[
https://issues.apache.org/jira/browse/NUTCH-827?page=com.atlassian.jira.plugin.system.issuetabpanels:comment-tabpanel&focusedCommentId=13464589#comment-13464589
]
Jasper van Veghel commented on NUTCH-827:
-----------------------------------------
Hey guys,
This has been some time back, but take a look at the patch:
nutch-default.xml ..
<name>http.cookie.login.page</name>
<description>URL of the login page to derive the cookies from. Cookies will be
stored upon initialization and re-initialized upon expiration. Any URL request
attributes will be [..] POSTed to the page. [..]</description>
Apologies for the poor grammar in the original. ;-) Basically:
- Whenever protocol-httpclient performs an HTTP request, it will first check if
there are cookies stored in the cookie jar.
- If there are cookies in the cookie jar AND none of the cookies have expired,
it will do nothing.
- If there are no cookies in the cookie jar OR at least one of the cookies has
expired, it will ..
- POST the URL / parameters provided in "http.cookie.login.page" property
- In the process of which, the cookie jar should get filled with the cookies
you need to perform subsequent (authenticated) requests
The "http.cookie.login.page" property could contain something like
"http://abc/def?username=foo&password=bar" .. the 'username' and 'password'
properties will them be POSTed to 'http://abc/def', which should result in
cookies being added to the cookie jar which is used for each subsequent request.

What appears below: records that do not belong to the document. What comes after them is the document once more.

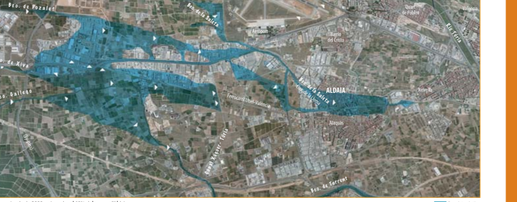
La gran riuada de 2000 va inundar el 60% del terme d'Aldaia. Zones d'inundació de la riuada de 2000 al terme d'Aldaia. Direcció de les aigües.

18 "Octubre és mes d'històries, que deixa males memòries". Aquest refrany es va complir l'any 2000. La "gota freda" va provocar grans riuades els dies 23 i 24 d'octubre. Les pluges torrencials van afectar greument 51 municipis valencians. Aldaia fou un dels pobles que més danys va sofrir, amb el 60% del terme inundat. Les comportes dels carrers del Barranquet i l'avis a la població per megafonia no impediren la catàstrofe. La inundació es va produir pel triple desbordament dels barrancs de Xiva, Gallego i Pozolet a l'altura de l'A-3, i el de la Saleta dins del poble. El Distribuïdor Sud i les obres de la Ronda Est d'Alaquàs van actuar de barrera i arrossegaren més aigua cap a Aldaia. L'aigua desbocada va provocar grans destrosses. Afortunadament, no haguérem de lamentar cap mort.
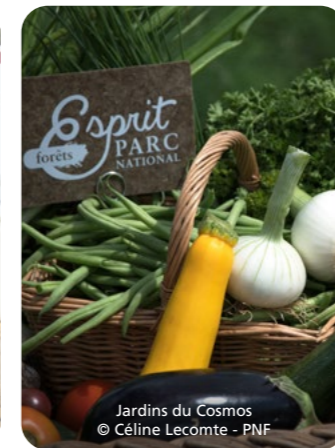
Jardins du Cosmos
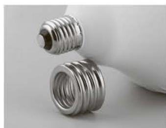
Универсальный цоколь-переходник входит в комплект
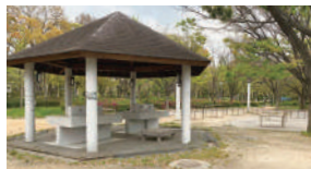
水道設備がある炊事棟が2棟あります。
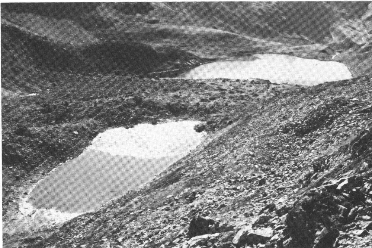
Figure 2.—Les lacs Jovet partiellement recouverts de glace (5.11.1987).

et une profondeur maximum de 8,5 m, avec une amplitude de variations d'environ 1 m. L'étude du petit lac Jovet a, quant à elle, été très succincte. Situé 300 m au NE du grand lac, il est également retenu par des moraines. Un affluent, au débit très variable selon la saison, lui amène entre quelques litres et une soixantaine de litres par seconde. De plus, des venues d'eau disséminées et faibles sont visibles sur sa rive nord. Sa superficie est très variable, passant d'un maximum de 1,74 ha à la fonte des neiges à 1 ha, à l'étiage d'arrière-automne. La profondeur en situation de crue atteint 9,4 m et l'amplitude des variations, 4 m. Ses exutoires sont souterrains. En effet, on observe à l'extrémité SW du lac deux pertes avec disparition d'eau entre les matériaux morainiques. En rive ouest, en deux points (appelés plus loin perte intermédiaire et perte nord), à l'aplomb d'affleurements de cargneule plongeant plus ou moins dans le lac selon son niveau, l'eau disparaît également entre des blocs.

This isn't exactly a fool-proof solution (what if other requests generate
expired cookies? what if the login fails? etc.), but for the project for which
I wrote the patch, it suited our needs. Hope it helps!

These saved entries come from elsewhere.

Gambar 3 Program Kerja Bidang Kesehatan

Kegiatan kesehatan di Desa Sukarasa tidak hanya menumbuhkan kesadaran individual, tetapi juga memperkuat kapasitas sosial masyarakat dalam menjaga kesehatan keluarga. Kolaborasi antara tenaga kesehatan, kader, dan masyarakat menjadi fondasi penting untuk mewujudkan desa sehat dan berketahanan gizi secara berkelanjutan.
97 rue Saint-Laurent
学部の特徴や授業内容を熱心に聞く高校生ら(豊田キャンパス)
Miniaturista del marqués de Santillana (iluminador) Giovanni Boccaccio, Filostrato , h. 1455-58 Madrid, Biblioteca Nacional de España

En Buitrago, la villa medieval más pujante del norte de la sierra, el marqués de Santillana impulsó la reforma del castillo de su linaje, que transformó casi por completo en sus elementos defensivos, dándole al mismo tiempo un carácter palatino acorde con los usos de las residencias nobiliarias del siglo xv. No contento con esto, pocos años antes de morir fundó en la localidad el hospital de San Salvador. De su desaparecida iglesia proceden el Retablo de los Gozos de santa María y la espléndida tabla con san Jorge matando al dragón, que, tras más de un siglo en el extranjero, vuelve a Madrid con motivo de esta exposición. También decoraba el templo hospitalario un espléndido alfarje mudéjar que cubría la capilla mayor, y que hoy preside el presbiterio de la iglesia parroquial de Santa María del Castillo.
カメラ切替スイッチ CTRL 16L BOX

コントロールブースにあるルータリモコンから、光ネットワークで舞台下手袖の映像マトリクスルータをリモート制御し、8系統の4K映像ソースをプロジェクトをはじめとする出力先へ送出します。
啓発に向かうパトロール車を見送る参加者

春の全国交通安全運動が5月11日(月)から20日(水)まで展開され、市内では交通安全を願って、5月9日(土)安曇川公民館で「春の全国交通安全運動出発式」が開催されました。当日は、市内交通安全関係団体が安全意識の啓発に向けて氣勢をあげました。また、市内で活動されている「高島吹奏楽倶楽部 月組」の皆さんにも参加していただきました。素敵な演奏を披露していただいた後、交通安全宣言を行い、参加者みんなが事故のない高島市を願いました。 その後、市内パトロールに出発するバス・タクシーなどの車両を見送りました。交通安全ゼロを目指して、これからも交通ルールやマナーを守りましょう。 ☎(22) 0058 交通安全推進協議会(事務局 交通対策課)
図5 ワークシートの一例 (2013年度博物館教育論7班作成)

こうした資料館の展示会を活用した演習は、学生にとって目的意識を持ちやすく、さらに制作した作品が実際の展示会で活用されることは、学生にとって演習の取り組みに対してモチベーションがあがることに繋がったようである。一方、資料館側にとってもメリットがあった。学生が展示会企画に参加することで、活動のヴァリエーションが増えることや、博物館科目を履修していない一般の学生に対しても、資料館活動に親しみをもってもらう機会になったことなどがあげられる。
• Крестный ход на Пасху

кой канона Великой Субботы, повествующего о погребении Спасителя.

> HTTP POST Authentication
> ------------------------
>
> Key: NUTCH-827
> URL: https://issues.apache.org/jira/browse/NUTCH-827
> Project: Nutch
> Issue Type: New Feature
> Components: fetcher
> Affects Versions: 1.1, nutchgora
> Reporter: Jasper van Veghel
> Priority: Minor
> Labels: authentication
> Fix For: 1.6
>
> Attachments: nutch-http-cookies.patch
>
>
> I've created a patch against the trunk which adds support for very
> rudimentary POST-based authentication support. It takes a link from
> nutch-site.xml with a site to POST to and its respective parameters
> (username, password, etc.). It then checks upon every request whether any
> cookies have been initialized, and if none have, it fetches them from the
> given link.
> This isn't perfect but Works For Me (TM) as I generally only need to retrieve
> results from a single domain and so have no cookie overlap (i.e. if the
> domain cookies expire, all cookies disappear from the HttpClient and I can
> simply re-fetch them). A natural improvement would be to be able to specify
> one particular cookie to check the expiration-date against. If anyone is
> interested in this beside me I'd be glad to put some more effort into making
> this more universally applicable.
--
This message is automatically generated by JIRA.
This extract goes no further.